Philippe Lenain, CEO of Rent 2 Own Myanmar, is expecting to double his motorcycle rental business in Myanmar by the end of this year. Beyond that, his aim is to enable more rural people to own their own transportation and farm machinery, which will improve productivity and help raise families out of poverty.

Motorcycles are an essential for people living in rural areas. More than 70 percent of Myanmar people live in villages, and every household needs at least one motorcycle to make it easier and faster to go about their daily lives. But for low-income earners, it is not easy to buy one.

Having operated motorcycle rentals in Vietnam, Lenain recognised the potential for growth in Myanmar. “When we looked for business opportunities in Myanmar, we found that the use of motorcycles by rural population was similar to Vietnam, so I started this business,” he said.

Rent 2 Own introduced its motorcycle rental service in Myanmar in 2016. Since then, it has given free motorcycle helmets to more than 110,000 rural people, and helped more than 50,000 of its clients to buy their own motorcycles.

Ownership goals

Rent 2 Own was started with foreign investment of US$10 million (K15.16 billion).
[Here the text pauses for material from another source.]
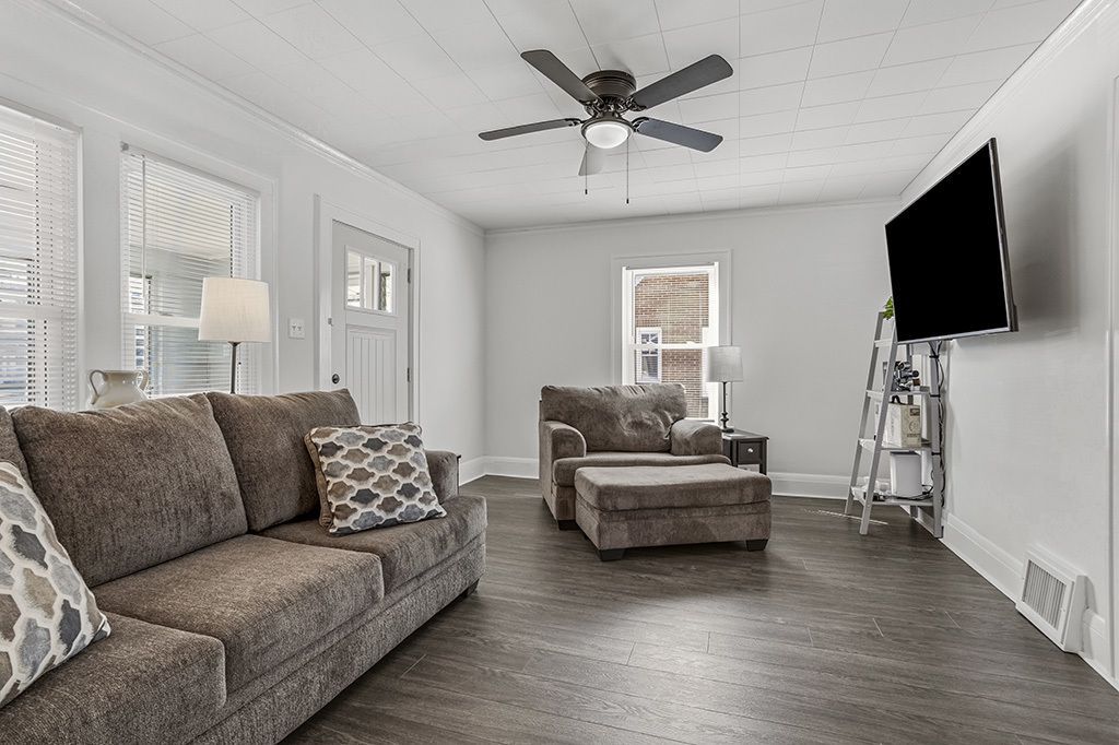 Located in the desirable Riverview Historic District, this beautifully updated home blends timeless character with extensive modern improvements and now offers expanded living space with a finished basement primary suite. Classic details like wide trim and glass door knobs complement major updates including newer roof, windows, exterior doors, electrical, plumbing, and a new water line from the street to the home. An enclosed front porch welcomes you inside to a bright living room flowing into the dining area with backyard views, while the renovated kitchen features stainless steel appliances, quartz countertops, updated cabinetry, lighting, and flooring. The main level offers two bedrooms connected by a fully remodeled Jack-and-Jill bath with tiled tub/shower surround and updated fixtures. Downstairs, the professionally finished basement creates a spacious private retreat complete with a bedroom area, full en suite bathroom, and walk-in closet, plus additional storage and laundry space. Outside, enjoy a fully fenced backyard with new vinyl privacy fencing and a refreshed detached garage with updated siding, service door, overhead door, and new electrical service. Conveniently located near parks, trails, and the river, this move-in-ready home offers the perfect combination of charm, functionality, and peace of mind.

It has increased its investment in Myanmar to $35 million and plans to invest up to 40 million. It plans to double its number of rentals from 110,000 motorcycles to around 200,000 by the end of this year and extend its service to Chin State and Tanintharyi Region.
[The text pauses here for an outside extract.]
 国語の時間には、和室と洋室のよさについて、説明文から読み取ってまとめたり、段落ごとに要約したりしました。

Most of its motorcycles are rented in Yangon Region, but it also offers rentals in Ayeyarwady Region, Bago Region, Shan State and Mon State.

Rent 2 Own rents motorcycles under the hire-purchase system. People who want to buy a motorcycle need to pay a deposit of 10 percent of the price and a once-a-month or once-a-quarter rental fee.

Payment contracts are for nine months to three years, with interest. During this term, the bikes must be serviced once every three months. At the end of the contract, renters have the option of returning their motorcycles for the initial 10pc deposit, or buying the vehicle. Around 99pc of renters choose to buy the motorcycles, said Kai Smith, head of operations at Rent 2 Own.

“The motorcycle is a part of the daily lives of rural people. We help those who have no income or jobs to own motorcycles,” Smith said.

Asset-light model

Rent 2 Own does not store motorbikes but jointly operates its rental service with sales centres in rural areas. Rent 2 Own has over 50 branches, with offices in Thanlyin, Bago, Pyay, Magwe, Monywa, Pathein, Malamyine, Meiktila and Taunggyi, and it has agreements with over 400 motorbike sales centres.

“Anyone can apply to buy the brand they want at their nearest sales centre if their centre has Rent 2 Own. We then settle the payment at the centre within 24 hours after the purchase. It’s convenient for both buyer and renter,” Smith said.

As Rent 2 Own was the first motorbike rental service in Myanmar, it had to overcome problems with commercial taxes at the revenue office, he said.

Most people in Myanmar don’t have proof of ownership of their bikes, of which 40pc are unlicensed. The main challenge is there is no government inspection mechanism for bike ownership, so yearly registration and licensing is needed.

Rent 2 Own cannot protect customers from bike losses, and insuring vehicles and riders remains a challenge, Smith said.

Nevertheless, the business has attracted the interest of investors, funding is more accessible, and it wants to expand its rental service to farm vehicles and machinery.

In April, Rent 2 Own raised $3 million in debt financing from Incofin CVSO, one of the funds under the management of Belgian impact asset manager Incofin.

Last year, Germany’s development finance institution DEG and agRIF, an impact focused fund for financial intermediaries targeting smallholder farmers and rural people, announced a joint investment of $6 million in Rent 2 Own.

Daiwa PI Partners, an investment arm of a major Japanese securities firm group, also took a stake in the venture by fully purchasing the shares of one shareholder.

As investments increase, its services will improve, he said. To reduce CO2 emissions by its rental motorcycles by 30pc, it will plant more than 45,000 trees in Shan State by the end of this year.